Понять состояние Шапошникова было нетрудно. Враг смыкал кольцо блокады вокруг Ленинграда, рвался к Одессе и Москве, только что захватил Киев, фашистские полчища наводнили Белоруссию. Положение на всех фронтах оставалось неимоверно трудным, а после того, что я услышал от Котляра, представилось еще более угрожающим.
Обрисовав обстановку, сложившуюся на Юго-Западном фронте, маршал поглядел мне в глаза:
— Операцию «Альберих» помните?
Конечно, я хорошо помнил эту операцию: в марте 1917 года, совершая вынужденный отход из Франции за так называемую «линию Зигфрида», кайзеровские войска в течение пяти недель проводили массовые разрушения и массовые минирования на площади около четырех тысяч квадратных километров. Военные историки считали операцию «Альберих» самой значительной по массовому разрушению и минированию.
— Так вот, — не отводя взгляда, продолжал Шапошников, — разрушать и минировать в районе Харькова придется на гораздо большей площади, а пяти недель для работы я гарантировать не могу. Действовать придется быстро, товарищ полковник. С собой вы возьмете группу командиров для укомплектования штаба оперативно-инженерной группы и в качестве инструкторов, а также необходимые минно-подрывные средства. Саперные части вам будут выделены командующим Юго-Западным фронтом.

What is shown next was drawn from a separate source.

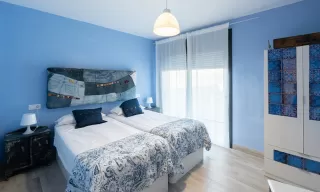 - Tristana: este dormitorio tiene capacidad para 3 personas y consta de un original cabecero hecho de retales de vaqueros, en el que se apoyan las 2 camas individuales. Junto a ellas, tenemos la puerta acristalada de acceso al exterior, así como de frente hay una zona de sillones, con la televisión de plasma y un cuarto de baño adaptado, equipado con una ducha.

И повернулся к генералу Котляру:
— Заявку подготовили?
— Заявка готова, — сказал Котляр, кивая на меня.
Я протянул исписанные листы. Шапошников взял их, умолк, углубившись в чтение. Я видел, как пальцы маршала берут карандаш.
— С запасом, голубчик, просите, — заметил маршал. — Вы же знаете, со средствами и силами плоховато!
Карандаш уже черкал по заявке.
— Ну ладно, утвердим в таком виде, — сказал Шапошников, ставя свою подпись.
Времени, чтобы рассмотреть поправки маршала, не оставалось: Шапошников уже встал.
— Собирайте людей, получайте мины, взрывчатку и немедленно выезжайте, — сказал он на прощание. — Вам теперь дорог каждый час. И помните: одного несчастного случая…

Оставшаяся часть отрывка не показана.